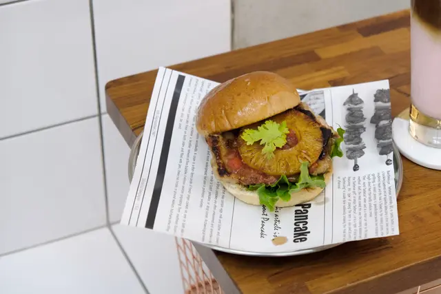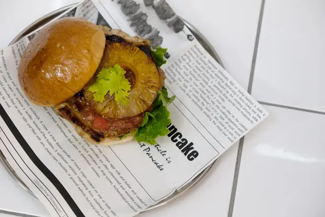 整份漢堡吃起來莎莎醬料味道濃郁,但也因此蓋過了雞腿肉排、麵包與鳳梨香氣,
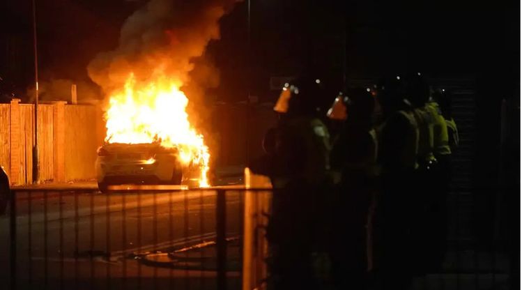 A police car burns as officers are deployed on the streets of Hartlepool following a violent protest (Owen Humphreys/PA)
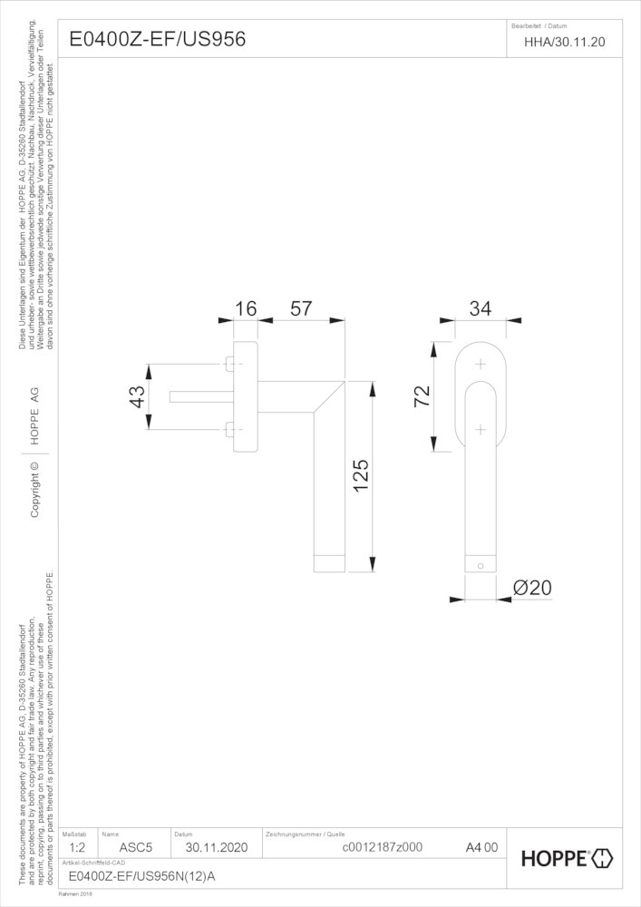 Produktinformationen "HOPPE Funk-Fenstergriff Amsterdam E0400Z-EF/US956, oval,7/32-42,F69"
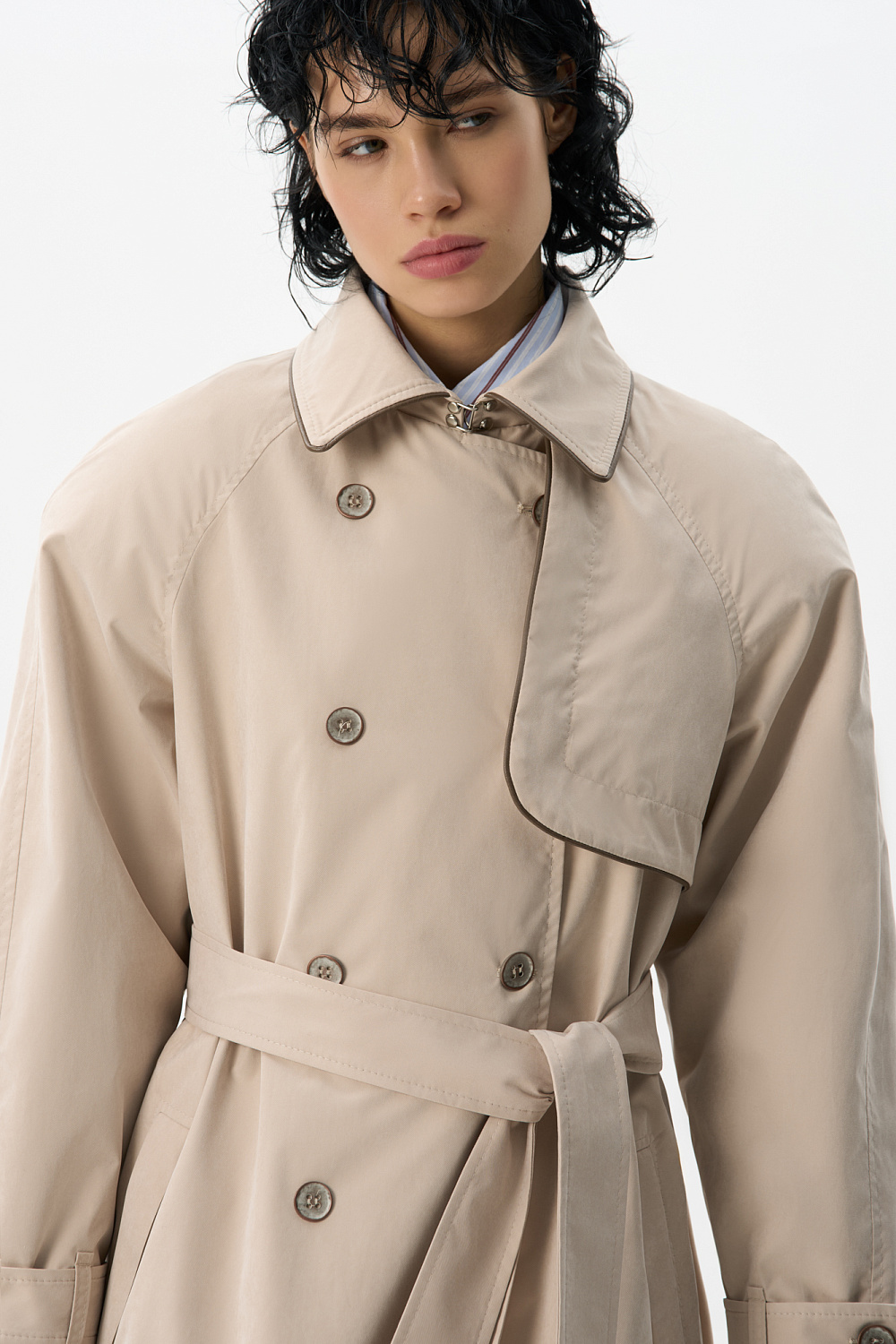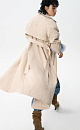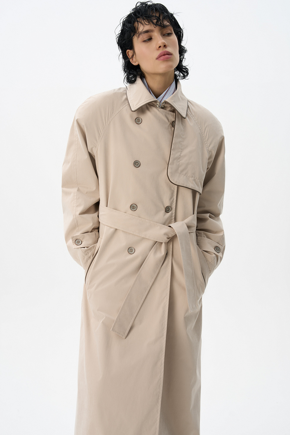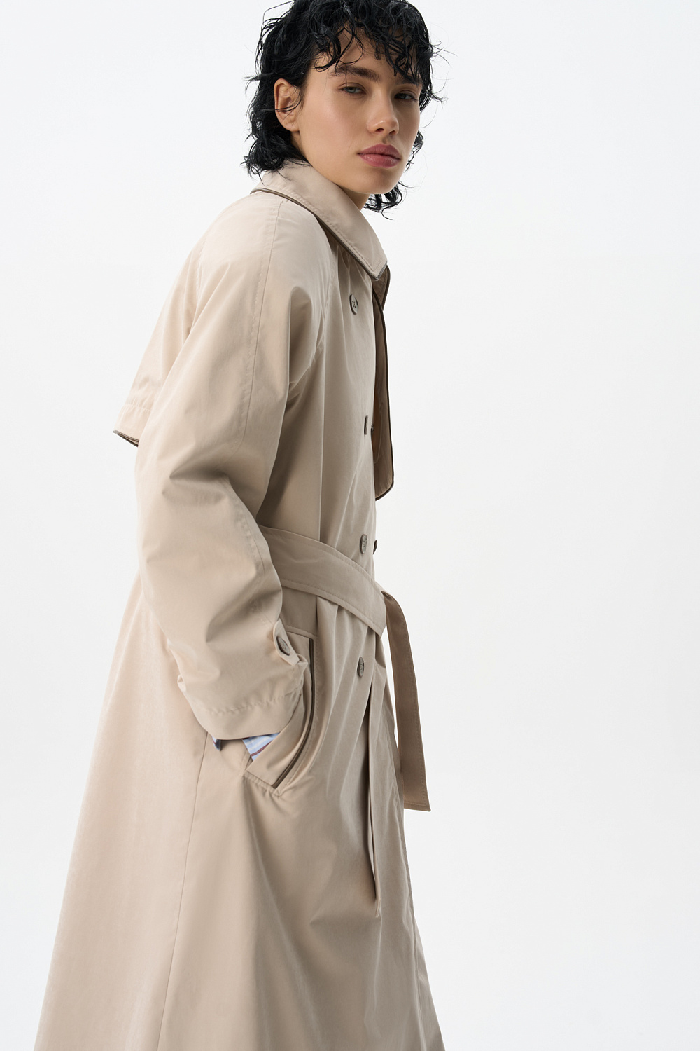 Loose fit, double-breasted trench coat with a turn-down collar with metal fastening. Asymmetrical flap and side pockets. Detachable tie belt at the waist. Lined.

Work instructions. The listing above should be repeated word for word, pictures removed.

Answer to this task.
 整份漢堡吃起來莎莎醬料味道濃郁,但也因此蓋過了雞腿肉排、麵包與鳳梨香氣,
 A police car burns as officers are deployed on the streets of Hartlepool following a violent protest (Owen Humphreys/PA)
 Produktinformationen "HOPPE Funk-Fenstergriff Amsterdam E0400Z-EF/US956, oval,7/32-42,F69"
 Loose fit, double-breasted trench coat with a turn-down collar with metal fastening. Asymmetrical flap and side pockets. Detachable tie belt at the waist. Lined.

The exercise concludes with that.